## DATA SECTION
□ □ □ □ □ □ □
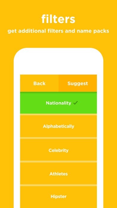 「BabyName」には非常に多くの名前が入っていますが「セレブ」や「アスリート」などでフィルターをかければ、自分が興味のあるカテゴリーの名前だけを表示させることができます。
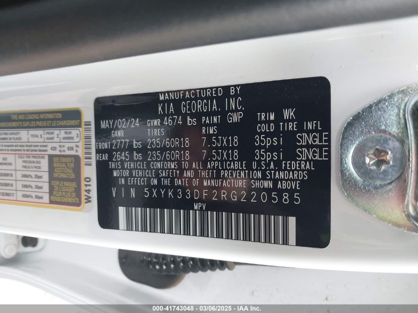 Цвет БелыйЦилиндры 4Привод Передний приводVIN 5XYK33DF2RG******Состояние НеизвестноПовреждения Передняя или задняя AutoRIA
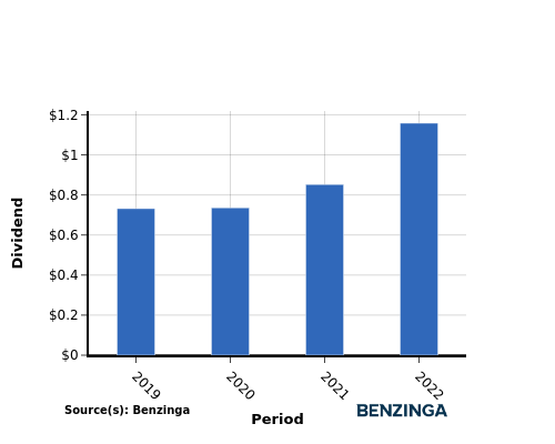 Investors witnessed an upward trajectory in the company’s dividend per share between 2019 and 2022. The dividend per share rose from $0.73 to $1.16, indicating the company’s dedication to enhancing shareholder value through increased dividends.
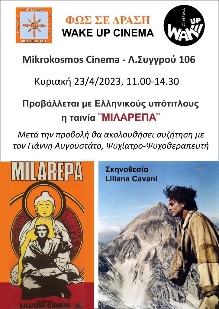 Ο Αφυπνιστικός Κινηματογράφος, της Κίνησης ΦΩΣ ΣΕ ΔΡΑΣΗ, πρόβαλε την Κυριακή 23/04/2023, την ταινία «Μιλαρέπα» της Liliana Cavani, με Ελληνικούς υπότιτλους στον κινηματογράφο Μικρόκοσμος.
□ □ □ □ □ □ □
Write out the whole listing exactly, with no pictures.

 「BabyName」には非常に多くの名前が入っていますが「セレブ」や「アスリート」などでフィルターをかければ、自分が興味のあるカテゴリーの名前だけを表示させることができます。
 Цвет БелыйЦилиндры 4Привод Передний приводVIN 5XYK33DF2RG******Состояние НеизвестноПовреждения Передняя или задняя AutoRIA
 Investors witnessed an upward trajectory in the company’s dividend per share between 2019 and 2022. The dividend per share rose from $0.73 to $1.16, indicating the company’s dedication to enhancing shareholder value through increased dividends.
 Ο Αφυπνιστικός Κινηματογράφος, της Κίνησης ΦΩΣ ΣΕ ΔΡΑΣΗ, πρόβαλε την Κυριακή 23/04/2023, την ταινία «Μιλαρέπα» της Liliana Cavani, με Ελληνικούς υπότιτλους στον κινηματογράφο Μικρόκοσμος.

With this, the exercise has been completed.